I have to say my belief in God is the ONLY thing that keeps me going. If you have faith, turn to it strongly. I live alone physically and only have God to help me. Some days are good and others are not.

I hope and pray that you believe you are fulfilling God's purpose to continue your life even in this state of sadness. It is hard, I know, but that is what I live for.

by: Nancy

I used to do cognitive behavioral therapy back when I was a counselor. From a therapist viewpoint, I liked it.

You are lucky you could still work at age 70. I'm 66 now and would like to substitute teach, but don't have the stamina.

When I was depressed about retirement, 3.5 years ago, everybody said, "volunteer!, get another job!"

I did look for work at first, but what was really wrong, was I wanted my old job back! So I'm not going to give you that advice.

Only you know what is best for you. If you keep coming back to this, group, you will hear stories from others. That is what really helped me.

Wow so sorry
by: Rose Raintree Arlington Wa.

I am so sorry you feel this way and at 71 I could get there if it was not for my faith and when I retired even though like you at first saw no reason to get out of bed, I made myself and took my dog and we began to take walks and the more I walked and looked around me I saw that I have so many things to be thankful for.

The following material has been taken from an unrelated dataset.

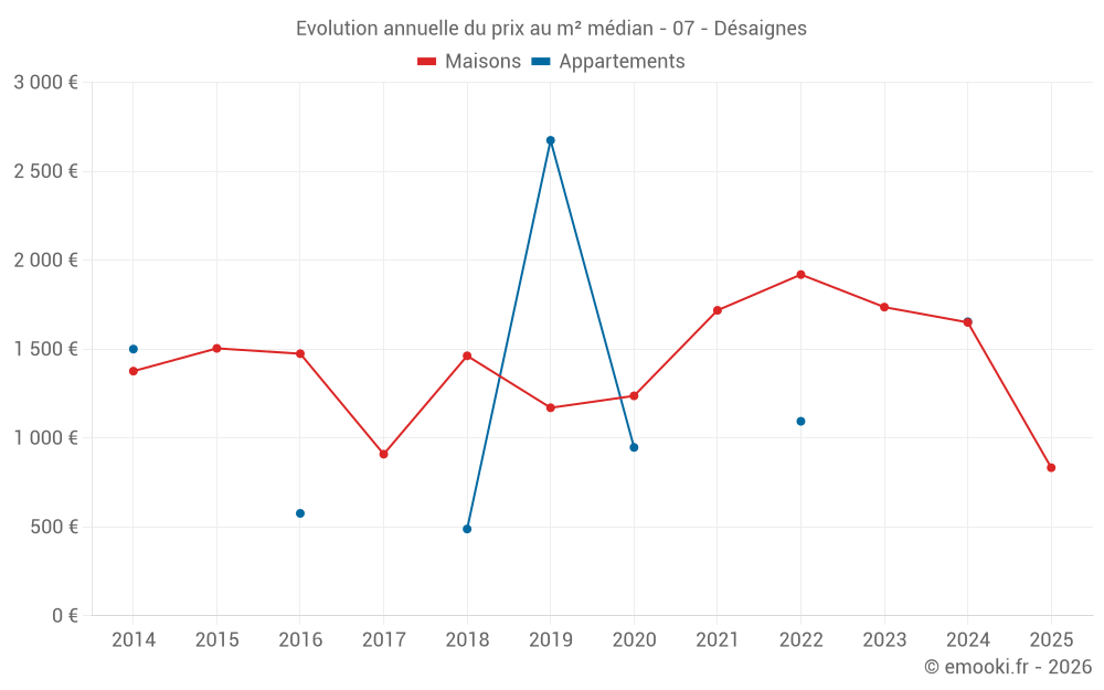 Le prix médian sur les 21 transactions de maisons des 24 derniers mois dans la commune de Désaignes était de 1 612 € par mètre carré pour une valeur foncière médiane de 120 000 €. Sur cette période 60% des transactions se sont situées entre 900 et 2 535 € par mètre carré (du 2ème au 8ème déciles).

If you are here you are still needed by someone. So for me taking my eyes off of myself and thinking about the people I love and putting my energy toward my granddaughter and my son and doing things in my yard, gardening, painting my house and just re-creating myself and finding inside of me the specialness God has given me and over the course of the past 3 years I am now happier than I have ever been.

And while nothing is perfect for any of us we have to find within ourselves purpose and sometimes that means making yourself get off that couch and do it even when you don't have the energy or feel like it, that will come later as you push yourself to make the effort.

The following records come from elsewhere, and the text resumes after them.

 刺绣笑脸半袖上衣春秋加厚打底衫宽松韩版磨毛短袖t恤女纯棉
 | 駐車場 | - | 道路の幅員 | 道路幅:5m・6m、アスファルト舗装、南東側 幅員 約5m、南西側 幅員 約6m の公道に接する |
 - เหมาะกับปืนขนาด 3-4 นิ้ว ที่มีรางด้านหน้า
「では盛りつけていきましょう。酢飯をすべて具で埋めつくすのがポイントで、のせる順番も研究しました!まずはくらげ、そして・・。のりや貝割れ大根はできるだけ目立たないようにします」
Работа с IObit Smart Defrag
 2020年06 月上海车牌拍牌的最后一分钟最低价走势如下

I too have little money and cannot do many things I had hoped to do when I retired, but with time and effort I have carved out a beautiful retirement and over the past 3 years the connection I have built with my granddaughter has been worth all the effort.

Today I love my life and just pray I will be here for a long time yet and know it will only get better. So please do not give up but believe me no pill no counseling can replace real effort on your part to get off that couch and find something you can be passionate about and start living again

Work ID
by: Anonymous

I think that you identified with your traditional work too long. It's very admirable that you were still able to have a corporate life to the age of 70. A lot of seniors are in this position. The sad thing is that many seniors don't have a retirement plan OR they just don't want to think about productive retirement;and the possibility of giving back to society on their own terms.

Joe W.

by: Dean Tennessee

I have days similar to yours but when they occur I get up and do something even though I don't feel like it. Sometimes I'll simply go for a long walk and then that will lead to something else. I think the mild exercise has a mood stimulating effect on me.

Other things I'll do is go out in the yard and pull weeds or check around the house and see if anything needs fixing or cleaning. A visit to the library is always fun. I enjoy fishing and often go when it's the last thing I feel like doing but once again doing it makes me feel better.

I hope my ideas are helpful for you.